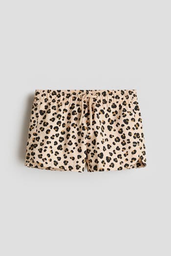 Patterned swim shorts with an elasticated, drawstring waist and gently rounded hems with a small slit on one side. Inner shorts in soft mesh.
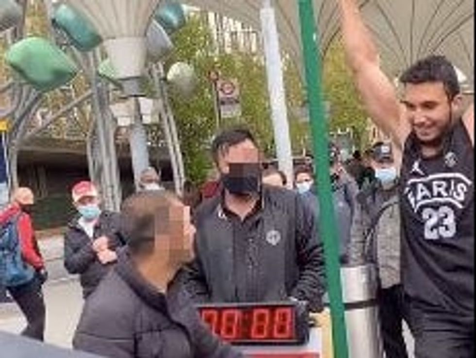 A man who was on track to successfully complete a street challenge to dangle 100 seconds from a metal bar to win £100 was left furious - after the people leading the contest scammed him out of his earnings by tickling him and yanking at his body.
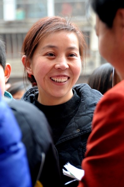 图为一位返乡农民工找到了适合自己的岗位,露出了笑容。本报记者 李文军摄影报道
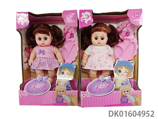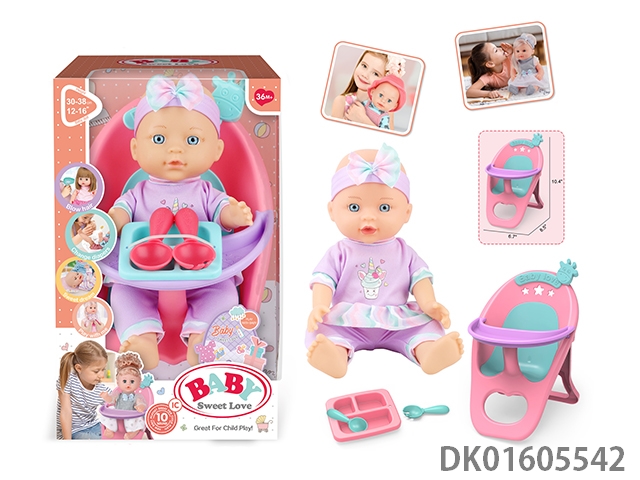 12寸定眼娃娃 无IC 搪胶头吹塑身手脚 + 餐椅+小餐盘+叉子+勺子

- _Your goal_
Your copy should hold exactly the lines from the one that contains "图为一位返乡农民工找到了适合自己的岗位,露出了笑容。本报记者 李文军摄影报道" through the final line of the data, both ends included, and no pictures.

- _Reply_
 图为一位返乡农民工找到了适合自己的岗位,露出了笑容。本报记者 李文军摄影报道
 12寸定眼娃娃 无IC 搪胶头吹塑身手脚 + 餐椅+小餐盘+叉子+勺子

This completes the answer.